You can build a temple to anything that’s positive and good,” he continues. “That could mean: a temple to love, friendship, calm or perspective
OK, lets put some context to this. Mr de Botton has a new book out, “Religion for Atheists: A non-believer’s guide to the uses of religion“. At the time of writing there are three reviews there, two very positive from folks who have read the book, and one review by a chap who explains that he has not actually read it (How the frack do you write a review for something you have not actually bothered to read). Is this just a PR stunt to push the book? Well, tempting as it might be to think that, I suspect he is quite serious about this proposal, so I’m going with a ‘No’ on that one.
If he is really going to do that, then what will he actually build first? Apparently it will be the “Temple to Perspective” – a hollow 46 Meter stone monolith located in the City of London. Its height will correspond to the age of the earth – one centimetre per million years, with mankind’s time on the planet represented by a gold band around the base one millimetre thick.
Its cute of course, but totally batty. Like all Follies it is extravagant but serves no practical purpose at all except to perhaps highlight just how eccentric he is. I’m quite happy for him to build whatever he wants wherever he wants, but as for the claim that it is a “temple for atheists”, well I suspect many non-believers will be more than a tad skeptical about that.
Atheism is of course not a belief system, it is simply a conclusion (You did know that … right?). The process is one where you examine religious claims with a skeptical eye looking for evidence, and finding none, reject the claims – that’s it. It is not a worldview, does not dictate how you should dress, nor does it give you any guidance on ethics or morality; it is just the rejection of daft religious claims. As for all the other stuff such as morality, well we have humanism, philosophy, logic and reason to call upon as needed.
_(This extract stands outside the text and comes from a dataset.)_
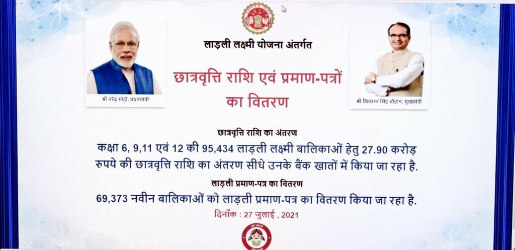 भोपाल, डेस्क रिपोर्ट। मंगलवार को लाडली लक्ष्मी योजना के तहत कक्षा 6वीं, 9वीं व 12वीं की 95 हजार 434 बेटियों के खातों में 27.90 करोड़ रुपये की छात्रवृत्ति राशि का अंतरण कर किया गया। इसी के साथ 69,373 नई बालिकाओं को लाडली लक्ष्मी प्रमाण पत्र का वर्चुअल वितरण किया गया। इस अवसर पर सीएम शिवराज सिंह चौहान ने कहा कि “आज मेरा मन बहुत खुशी और आनंद से भरा हुआ है, क्योंकि आज मैंने लाडली लक्ष्मी बेटियों से बात कर ली। मैं सबसे ज्यादा प्रसन्न एवं आनंदित तब होता हूं, जब बच्चों, विशेषकर बेटियों के बीच होता हूं! एक जमाना था कि हर माता-पिता चाहते थे कि उनके घर बेटे का जन्म हो, क्योंकि बेटे को बुढ़ापे का सहारा मानते थे। तब से ही मैं चाहता था कि बेटी बोझ न लगे, बल्कि वरदान बन जाये। मुख्यमंत्री बनते ही मैंने मुख्यमंत्री कन्या विवाह और लाडली लक्ष्मी योजना बनाई।”

Mr de Botton might decry the lack of beautiful non-religious buildings, but I’d counter with the thought that we already do have some. For example …
- The British Library
- The Natural History Museum
- The Science Museum
- The National gallery
- The Eden project
- The Large Hedron Collider
These are not only great monuments, but also immensely practical expressions of what being human is all about. For in the above we find expressions of truth, beauty, love, passion, inspiration and wonder. What is missing, what gap will these new temples fill, in what way will our lives be made better by an utterly pointless hollow tube of stone?
As for Mr Botton’s follies, I might indeed scratch my head and ask why bother, but if he does indeed wish to erect these edifices, well I have no problem with that.